-- Listed entries follows --
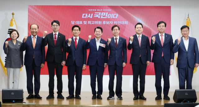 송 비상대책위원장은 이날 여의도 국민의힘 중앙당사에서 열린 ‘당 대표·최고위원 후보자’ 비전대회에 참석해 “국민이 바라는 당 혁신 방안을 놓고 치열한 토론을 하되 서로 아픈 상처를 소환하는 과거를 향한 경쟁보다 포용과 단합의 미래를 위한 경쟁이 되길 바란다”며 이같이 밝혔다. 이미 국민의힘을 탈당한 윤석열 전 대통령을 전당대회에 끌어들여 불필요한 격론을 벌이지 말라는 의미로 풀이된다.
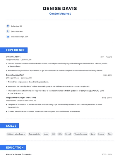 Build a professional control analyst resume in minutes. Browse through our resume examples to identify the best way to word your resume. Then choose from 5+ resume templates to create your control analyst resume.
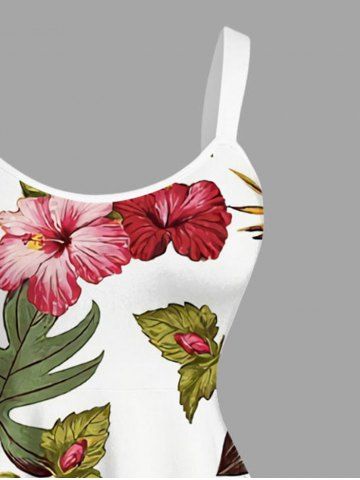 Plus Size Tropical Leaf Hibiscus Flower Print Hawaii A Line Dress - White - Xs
-- Listed entries concluded --
-- Listed entries follows --
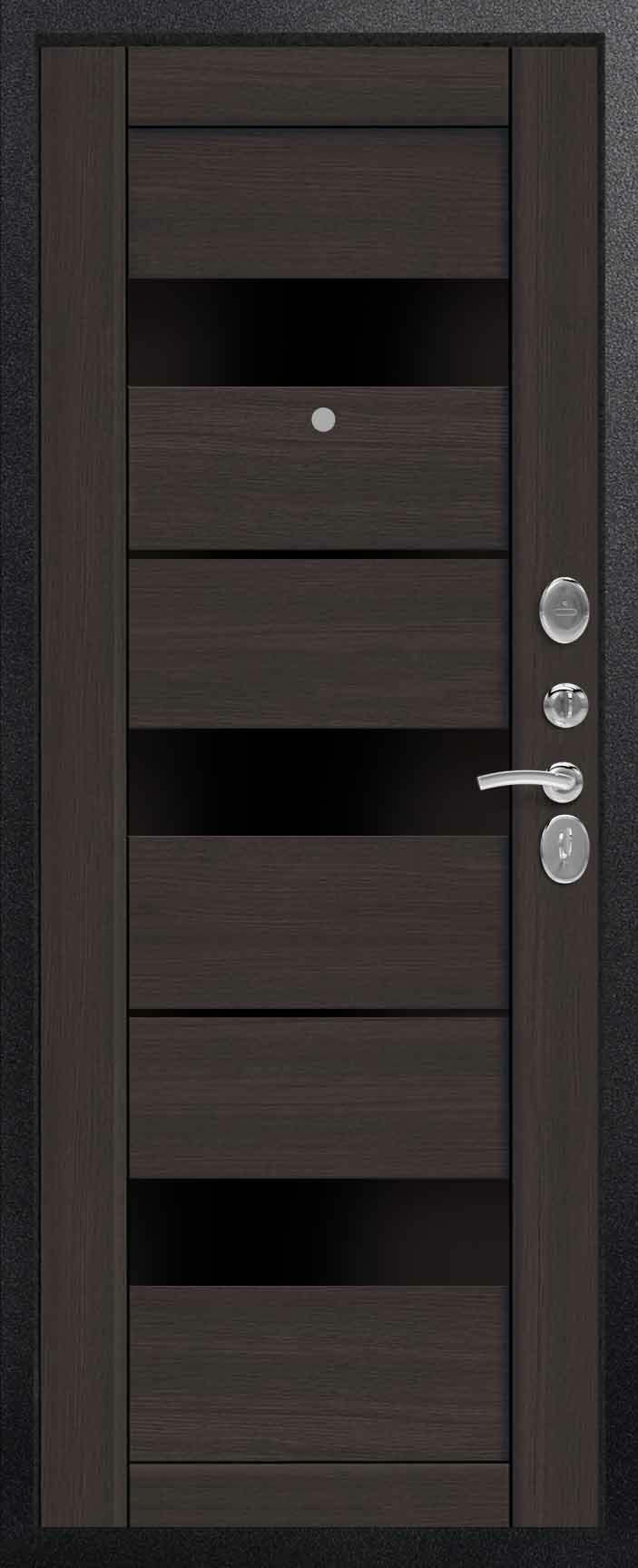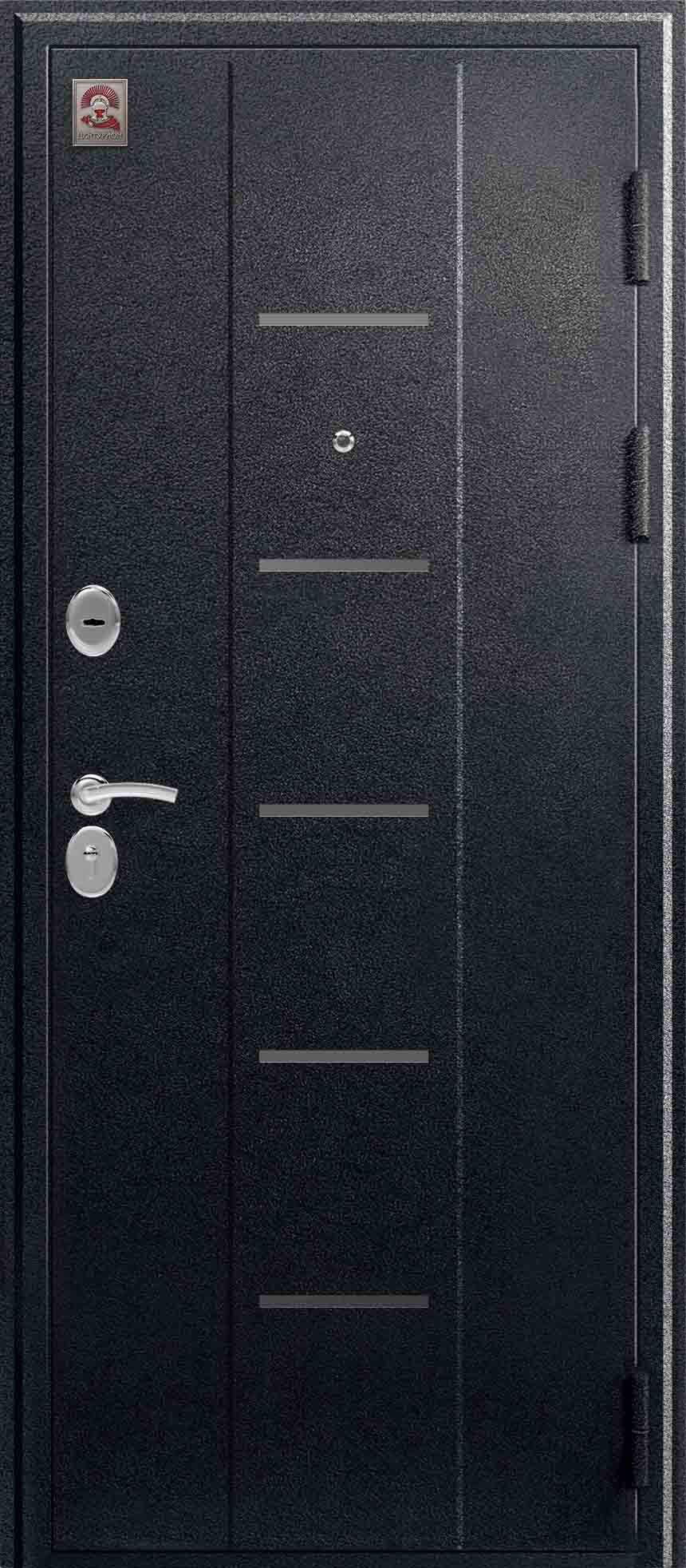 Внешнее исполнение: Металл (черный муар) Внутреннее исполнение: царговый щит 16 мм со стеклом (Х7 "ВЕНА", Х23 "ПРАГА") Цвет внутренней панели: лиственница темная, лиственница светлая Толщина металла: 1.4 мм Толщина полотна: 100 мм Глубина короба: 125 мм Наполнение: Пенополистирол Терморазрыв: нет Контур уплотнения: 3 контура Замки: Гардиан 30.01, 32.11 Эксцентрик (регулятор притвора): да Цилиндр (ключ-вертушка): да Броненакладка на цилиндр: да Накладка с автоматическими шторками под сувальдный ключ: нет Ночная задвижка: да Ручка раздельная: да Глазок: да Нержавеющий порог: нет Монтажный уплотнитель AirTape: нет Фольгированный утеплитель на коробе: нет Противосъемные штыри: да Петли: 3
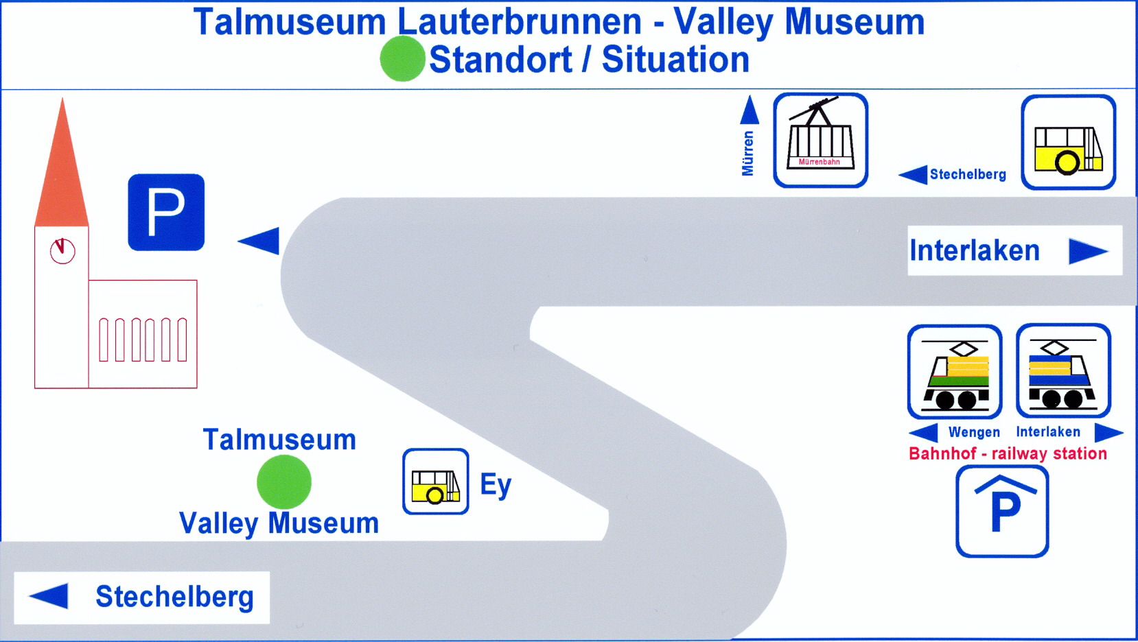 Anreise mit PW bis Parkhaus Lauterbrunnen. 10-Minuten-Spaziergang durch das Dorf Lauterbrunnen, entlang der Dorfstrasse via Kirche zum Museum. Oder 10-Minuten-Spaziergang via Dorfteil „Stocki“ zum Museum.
-- Listed entries concluded --
### [What you will do]
Print exactly, with no pictures, the lines above from the one that holds "Внешнее исполнение: Металл" through the one that holds "Anreise mit PW", both of them included.

### [Exercise result]
 Внешнее исполнение: Металл (черный муар) Внутреннее исполнение: царговый щит 16 мм со стеклом (Х7 "ВЕНА", Х23 "ПРАГА") Цвет внутренней панели: лиственница темная, лиственница светлая Толщина металла: 1.4 мм Толщина полотна: 100 мм Глубина короба: 125 мм Наполнение: Пенополистирол Терморазрыв: нет Контур уплотнения: 3 контура Замки: Гардиан 30.01, 32.11 Эксцентрик (регулятор притвора): да Цилиндр (ключ-вертушка): да Броненакладка на цилиндр: да Накладка с автоматическими шторками под сувальдный ключ: нет Ночная задвижка: да Ручка раздельная: да Глазок: да Нержавеющий порог: нет Монтажный уплотнитель AirTape: нет Фольгированный утеплитель на коробе: нет Противосъемные штыри: да Петли: 3
 Anreise mit PW bis Parkhaus Lauterbrunnen. 10-Minuten-Spaziergang durch das Dorf Lauterbrunnen, entlang der Dorfstrasse via Kirche zum Museum. Oder 10-Minuten-Spaziergang via Dorfteil „Stocki“ zum Museum.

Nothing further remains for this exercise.